**INSTRUCTIONS TO FOLLOW**
Beneath this instruction is a listing; print exactly the lines in it starting at the line that contains "華體照明根據湖南和芙蓉悠久的" and going through the line that contains "在宣誓时播独辱华的青年新政梁颂恒、游蕙祯昨日见记者仍死不悔改".

**RECORDS PROVIDED**

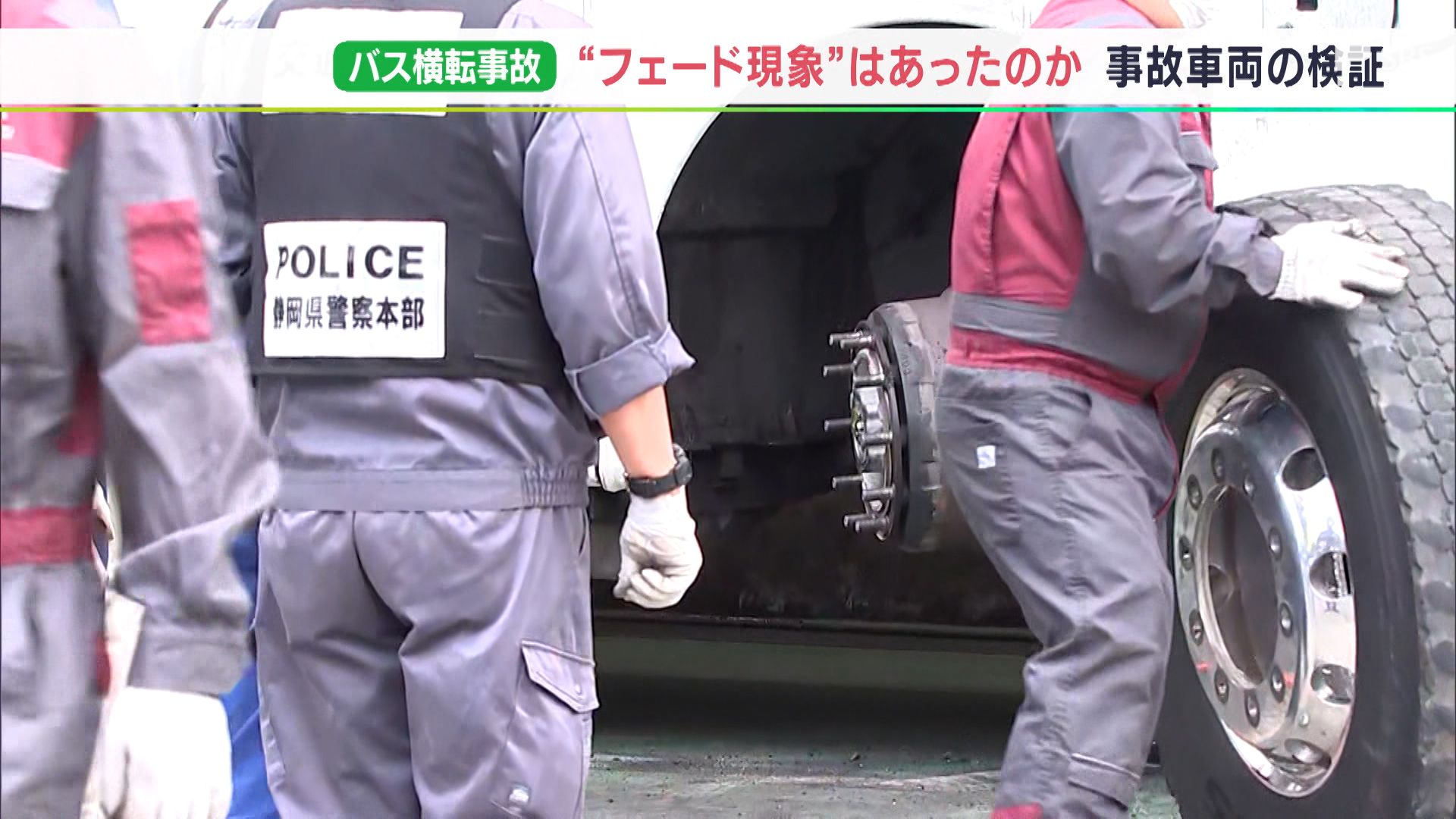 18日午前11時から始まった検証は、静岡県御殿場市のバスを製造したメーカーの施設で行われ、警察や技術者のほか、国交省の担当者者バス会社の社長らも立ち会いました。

--

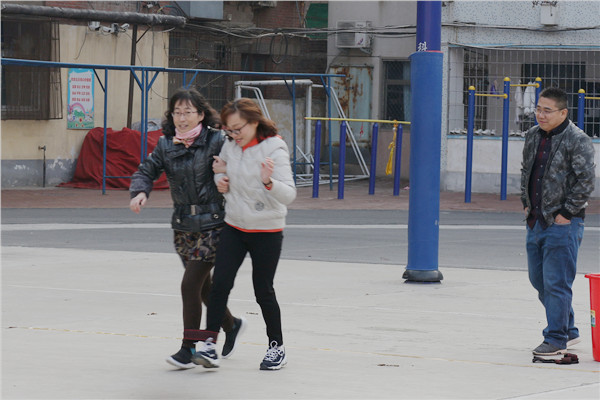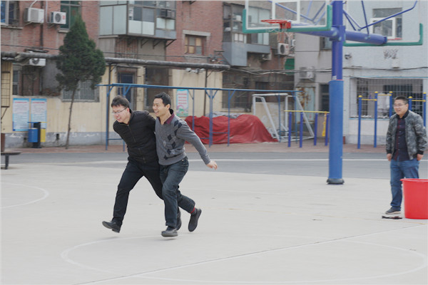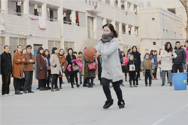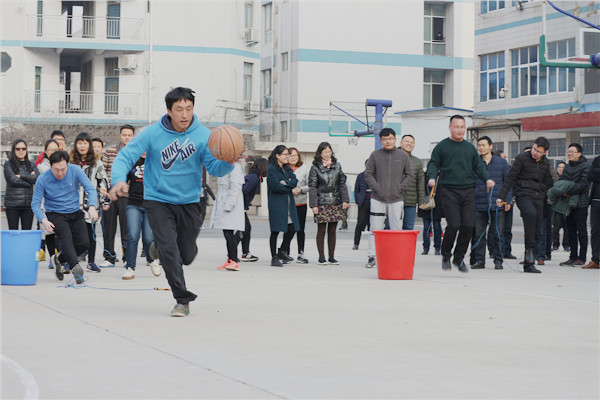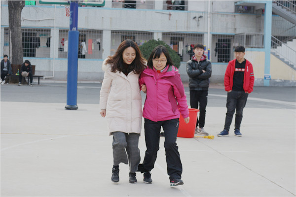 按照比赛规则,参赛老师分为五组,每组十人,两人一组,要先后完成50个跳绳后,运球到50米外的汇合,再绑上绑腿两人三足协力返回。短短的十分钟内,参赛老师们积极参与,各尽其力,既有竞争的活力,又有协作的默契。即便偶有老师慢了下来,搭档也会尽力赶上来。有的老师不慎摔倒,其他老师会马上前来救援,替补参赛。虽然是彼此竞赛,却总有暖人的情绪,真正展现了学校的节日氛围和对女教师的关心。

* * *

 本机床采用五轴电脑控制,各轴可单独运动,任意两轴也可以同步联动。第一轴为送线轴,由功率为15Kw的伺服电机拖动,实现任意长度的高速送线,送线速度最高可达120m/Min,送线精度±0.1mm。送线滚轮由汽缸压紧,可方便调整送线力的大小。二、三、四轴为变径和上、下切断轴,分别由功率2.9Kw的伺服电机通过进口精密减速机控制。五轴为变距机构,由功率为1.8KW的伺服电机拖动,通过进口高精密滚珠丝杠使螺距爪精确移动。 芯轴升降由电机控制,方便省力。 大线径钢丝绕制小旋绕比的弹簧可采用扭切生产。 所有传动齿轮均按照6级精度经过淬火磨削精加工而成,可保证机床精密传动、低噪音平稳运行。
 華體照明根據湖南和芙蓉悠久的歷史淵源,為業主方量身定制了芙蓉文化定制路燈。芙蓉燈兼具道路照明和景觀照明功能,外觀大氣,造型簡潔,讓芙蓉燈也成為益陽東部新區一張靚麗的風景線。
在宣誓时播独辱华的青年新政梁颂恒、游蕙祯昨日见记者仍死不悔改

**SOLUTION**
 華體照明根據湖南和芙蓉悠久的歷史淵源,為業主方量身定制了芙蓉文化定制路燈。芙蓉燈兼具道路照明和景觀照明功能,外觀大氣,造型簡潔,讓芙蓉燈也成為益陽東部新區一張靚麗的風景線。
在宣誓时播独辱华的青年新政梁颂恒、游蕙祯昨日见记者仍死不悔改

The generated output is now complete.